February 17, 2011 (Lecture 12)

February 17, 2011(Lecture 12)

Transactions

Transactions are sequences of actions such that all of the operations within the transaction succeed (on all recipients) and their effects are permanantly visible, or none of none of the operations suceed anywhere and they have no visible effects; this might be because of failure (unintentional) or an abort (intentional).
Characterisitically, transactions have a commit point. This is the point of no return. Before this point, we can undo a transaction. After this point, all changes are permanant. If problems occur after the commit point, we can take compensating or corrective action, but we can't wave a magic wand and undo it.

Banking Example:

Plan: A) Transfer $100 from savings to checking
B)Transfer $300 from money market to checking
C) Dispense $350
Transaction:

1. savings -= 100
2. checking += 100
3. moneymkt -= 300
4. checking += 300
5. verify: checking > 350
6. checking -= 350
7.

8. dispense 350
Notice that if a failure occurs after points 1 & 3 the customer loses money.
If a failure occurs after points 2, 4, or 5, no money is lost, but the collectiopn of operations cannot be repeated and the result in not correct.
An explicit abort might be useful at point 6, if the test fails (a negative balance before the operations?)
Point 7 is the commit point. Noticve that if a failure occurs after point 7 (the ATM machine jams), only corrective action can be taken. The problems can't be fixed by undoing the transaction.
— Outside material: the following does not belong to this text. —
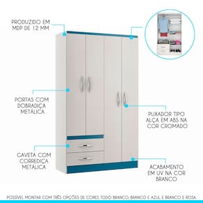 Observa??es: N?o trabalhamos e n?o nos responsabilizamos pela montagem do m?vel. Antes da montagem conferir se o produto est? de acordo com o que comprou, produto montado e danificado pela montagem n?o ser? aceito troca. As imagens ambientadas s?o meramente ilustrativas e podem apresentar itens que n?o comp?e o produto. As cores do produto podem variar de acordo com o monitor, a ilumina??o do ambiente ou sua percep??o visual. Limpeza: Deve ser feita com pano macio e seco ou levemente umedecido com ?gua e sab?o neutro. N?o devem ser utilizados abrasivos como palha de a?o e objetos cortantes. Poss?vel montar todo branco ou branco e azul. Marca: Menu Móveis

Properties of Transactions

Acid
Consistency (serializability)
Isolation
Durability

Acid - "All or nothing"

Consistency -- Perhaps better described as "Serializability". Transactions begin with the system in a valid state and should leave things that way once completed.
Isolation - Regardless of the level of concurrency, transactions must yields the same results as if they were executed one at a time (but any one of perhaps several orderings).
Durability - permanance. Changes persist over crashes, &c.
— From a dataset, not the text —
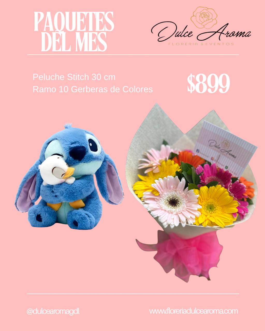 Peluche stitch 30 cm y 10 gerberas de varios colores

Distributed Transactions and Atomic Commit Protocols

Often times a transaction will be distributed across several systems. This might be the case if several replicas of a database must remain uniform. To achieve this we need some way of ensuring that the distributed transaction will be valid on all of the systems or none of them. To achieve this, we will need an atomic commit protocol. Or a set of rules, that if followed, will esnure that the transaction commits everywhere or aborts everwhere.

Two Phase Commit (2PC)

The most commonly used atomic commit protocol is two-phase commit. You may notice that is is very similar to the protocol that we used for total order multicast. Whereas the multicast protocol used a two-phase approach to allow the coordinator to select a commit time based on information from the participants, two-phase commit lets the coordinator select whether or not a transaction will be committed or aborted based on information from the participants.

Coordinator Participant

----------------------- Phase 1 -----------------------

Precommit (write to log and.or atomic storage)
Send request to all participants

Wait for request
Upon request, if ready:

Precommit
Send coordinator YES

Upon request, if not ready:

Send coordinator NO

Coordinator blocks waiting for ALL replies
(A time out is possible -- that would mandate an ABORT)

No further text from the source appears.